In Pennsylvania, Maryland, and Delaware, a favorable ruling by a Highmark Federal Services (now Novitas Solutions, Inc.) medical director allows counting individual HPI elements (such as symptoms) more than once when they relate to distinct presenting problems. (Note that the ruling indicates that merely listing the location of four separate lesions does not meet the criteria of an extended HPI.) [pagebreak]

Unfortunately, in much of the country, auditors have been directed to count HPI elements only once, even when the same element is appropriately documented for multiple distinct problems.

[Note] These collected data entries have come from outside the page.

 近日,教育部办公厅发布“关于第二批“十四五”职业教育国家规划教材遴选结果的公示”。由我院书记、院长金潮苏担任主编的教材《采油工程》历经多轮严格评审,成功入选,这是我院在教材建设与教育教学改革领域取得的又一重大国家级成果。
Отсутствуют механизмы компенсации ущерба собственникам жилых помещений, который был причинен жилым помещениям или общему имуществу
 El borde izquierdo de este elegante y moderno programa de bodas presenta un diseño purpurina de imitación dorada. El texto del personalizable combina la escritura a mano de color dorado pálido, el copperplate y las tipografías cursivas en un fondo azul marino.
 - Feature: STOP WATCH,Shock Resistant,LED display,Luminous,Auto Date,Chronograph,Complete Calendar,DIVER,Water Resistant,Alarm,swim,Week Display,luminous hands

HPI elements are an essential component of the patient history, and part of the critical documentation of the pertinent facts, findings, and observations about a patient’s medical problems that allow for appropriate diagnosis and treatment. Appropriate documentation is meant to facilitate communication and continuity of care among physicians and other health care professionals, accurate and timely payment of claims, and quality-of-care evaluations. Only pertinent material should be documented, and irrelevant facts should never be added merely to increase the level of service. The medical record serves as a legal document to verify the care provided; hence, legibility becomes an essential requirement.

For coding purposes, the contribution of the HPI to the final level of service is distinguished by the number of elements needed to characterize the clinical issues accurately. A brief or problem-focused HPI contains one to three elements. An extended or comprehensive HPI contains four or more elements of the present illness or associated comorbidities. You may have to ask the patient about multiple discrete problems, each with signs, symptoms, or modifying factors, and it would be appropriate to document each of these. [pagebreak]

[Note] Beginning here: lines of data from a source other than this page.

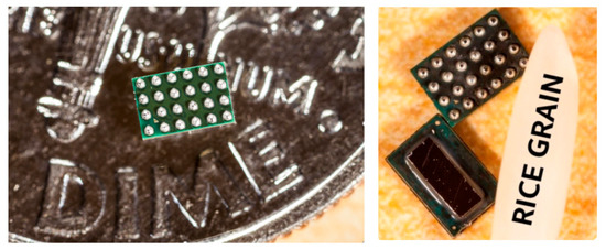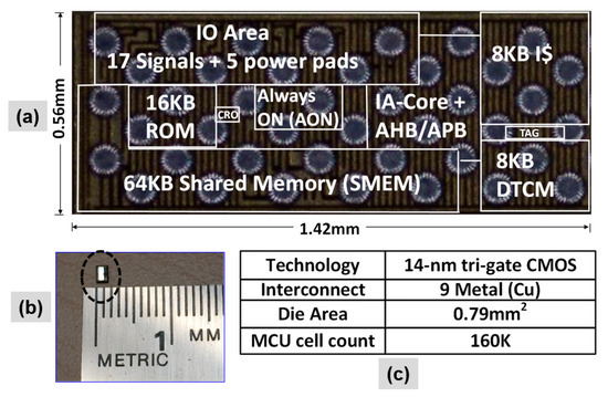 The MCU is fabricated using 14-nm tri-gate CMOS technology with nine metal interconnect layers (Figure 22). The MCU cell count is approximately 160 K and the die area is 0.79 mm2 (0.56 mm × 1.42 mm). The surface-mount ball grid array (BGA) package has 24 pins with an area of 4.08 mm2 (2.46 mm × 1.66 mm). The die photograph with key IP blocks identified and design characteristics are highlighted in Figure 23. The diminutive low-power MCU can serve as a key component for future autonomous, self-powered “smart dust” WSNs [27]—which can sense, compute, and wirelessly relay real-time information about the ambient.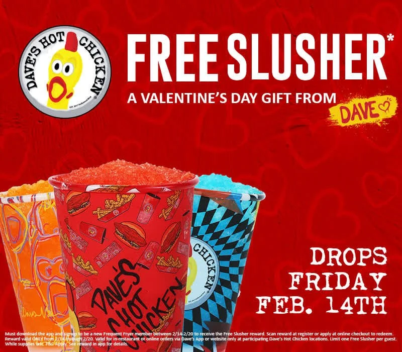 Must be a current Frequent Fryer member or download and signup in the app between 2/14-2/20/25 to receive the Free Slusher reward. Scan reward at register or apply at online checkout to redeem. Reward valid ONLY from 2/14-2/20. Valid for in-restaurant or online orders via Dave’s App or website only at participating Dave's Hot Chicken locations. Limit one Free Slusher per guest. While supplies last. T&C Apply. See reward in app for details.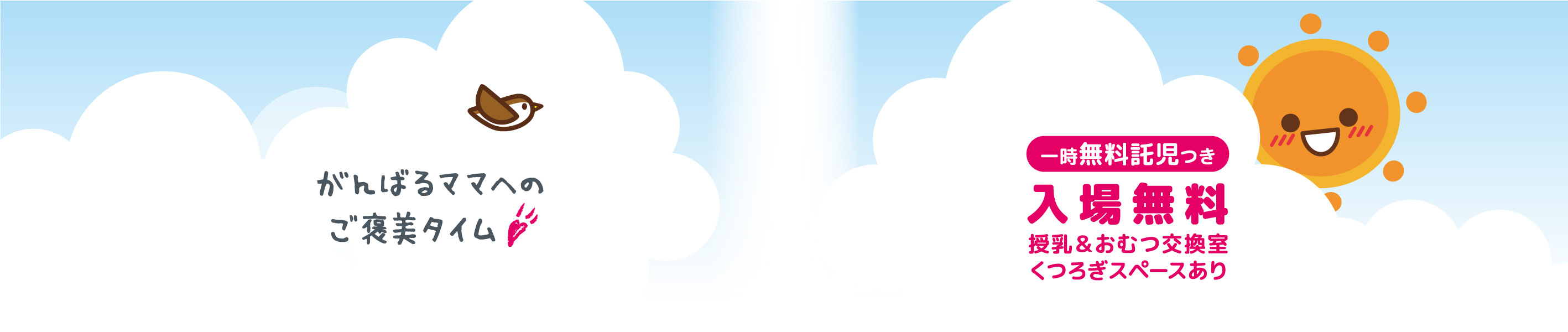 ※一無料託児付き、授乳室、オムツ交換室、くつろぎスペース、駐車場あり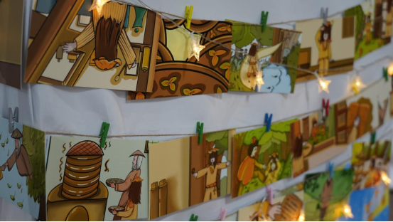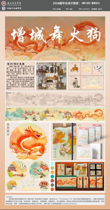 设计阐述:增城“舞火狗”是市级第二批非物质文化遗产之一,又名“麻车夜色”,是一项村民共同抗瘟疫的仪式,后演变为欢庆的民间艺术,作品采用了水墨国风画结合的形式绘制成绘本,将非遗文化内涵和技艺与水墨画的艺术表现结合,促进了文化宣传与精神感悟。将传统民间技艺活动与中国独特的水墨画表现形式相结合,不仅为传统水墨画与现代绘本设计的结合提供了探索与尝试,也为文化传承与创新注入了新的活力。

However, you should verify whether or not your local carrier allows elements to be counted more than once for distinct problems.

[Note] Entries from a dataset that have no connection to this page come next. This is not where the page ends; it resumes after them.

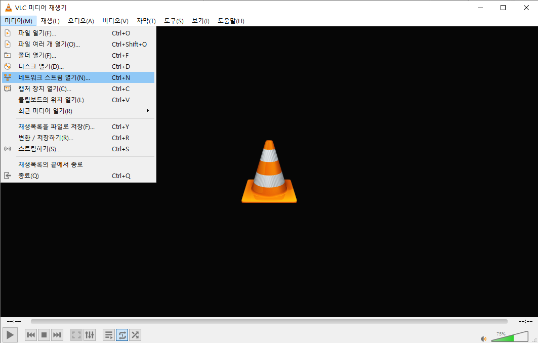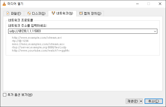 VLC 설치가 끝나셨으면 VLC 플레이어를 실행하고 아래처럼 주소창에 Winsend에서 송출하는 멀티캐스트를 플레이 해 봅니다.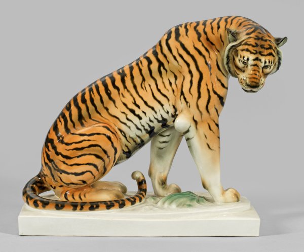A large Thuringian Art Deco porcelain figure of a sitting tiger. Minor hairline crack. Manufacturer's mark.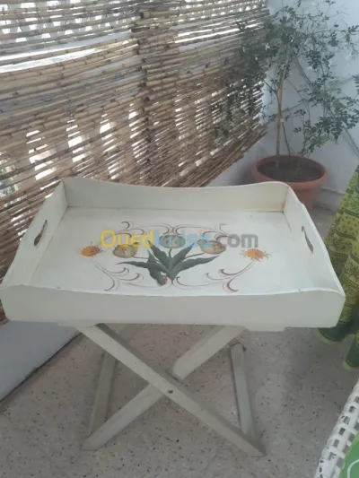 Table composée d'un grand plateau amovible qui repose sur support en bois blanc ,le plateau est peint main avec un tres joli dessin floral; il s'agit du modele Pierre import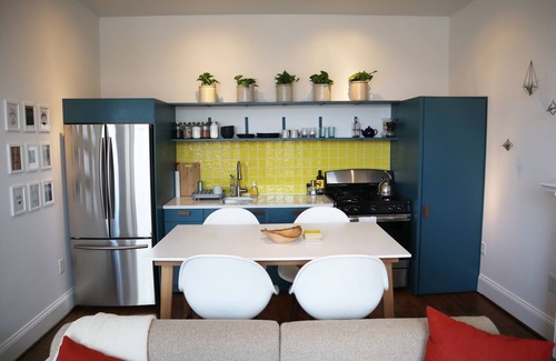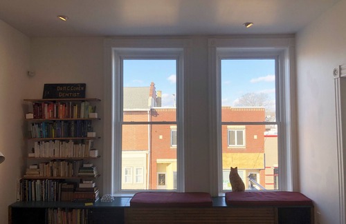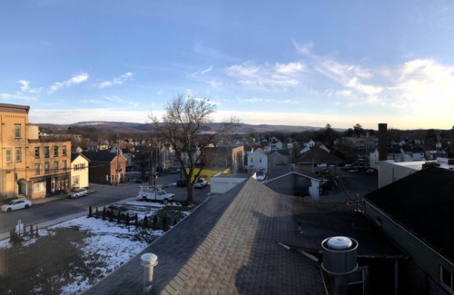 The loft is located on the second and third floors of a historic building on the main street of quaint Blairsville. It’s just above Market Street Pastries, so you’ll enjoy the smell of fresh baked goods from the loft! On the second floor you’ll find an open-plan kitchen and living room with massive windows and a sofa bed. The sun-drenched second floor also has a a workspace and a bathroom. Enjoy panoramic views of the mountain range from the third floor in this serene, minimalist space.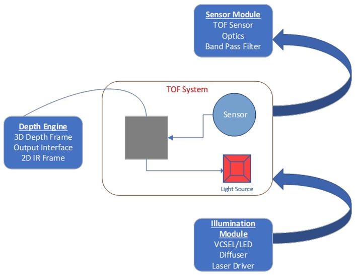 ภาพด้านล่างนี้แสดงให้เห็นถึงส่วนประกอบต่างๆ ในระบบกล้อง Time-of-Flight ได้เป็นอย่างดี: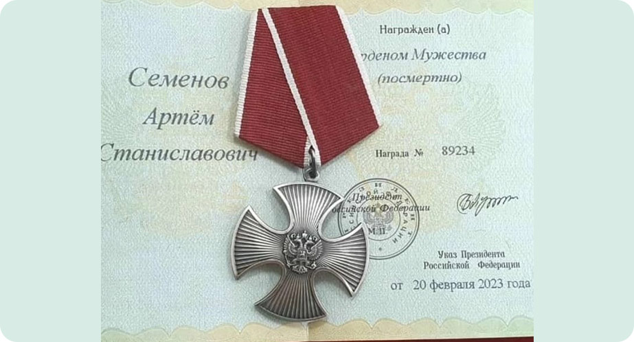 На фото: Данил Саитов награжден государственной наградой «Орден Мужества» (посмертно) (ноябрь, 2022 года)

When using 1997 CMS guidelines, the status of three chronic or inactive conditions can be substituted for four elements of the HPI. However, the entire visit must then be coded using 1997 guidelines. According to CMS 1995 and 1997 E/M guidelines, the review of systems (ROS) and/or past, family, and social history (PFSH) may be recorded by ancillary staff or on a form completed by the patient; the same guidelines are silent as to who can record the HPI. Some carriers have issued policy statements that only the physician may record HPI elements. Currently, these carriers include WPS, Palmetto GBA, and Noridian. You should verify with your local Medicare carrier what its policy is regarding HPI documentation.

Unfair policies can be challenged at a regional level through claim appeals. Dermatologists are advised to review their local carrier policies for more specific E/M guidelines. [pagebreak]

Examples:

Example 1:

Patient presents with an itchy (severity) and now sore due to scratching (context) rash on underarms (location) of four days (duration) with no help from an over-the-counter ointment (modifying factors).

You documented the severity, context, location, duration, and modifying factors related to the patient’s presenting condition. This qualifies as an extended or comprehensive HPI.

Example 2:

Patient presents with psoriasis, stable with the new medication; worsening eczema around the ears and neck since last visit; and warts on the left foot, previously treated cryogenically, that have spread.

You documented three chronic conditions. If you code the entire visit using the 1997 E/M guidelines, this qualifies as an extended or comprehensive HPI.

Example 3:

Patient presents with a tender papule on the right ear and an itchy patch on the left leg. No other historical elements are noted.

You documented the location and symptoms for two conditions; many local carriers direct their auditors to count HPI elements only once, even if documented for multiple distinct problems. This is unlikely to qualify as an extended HPI in most states.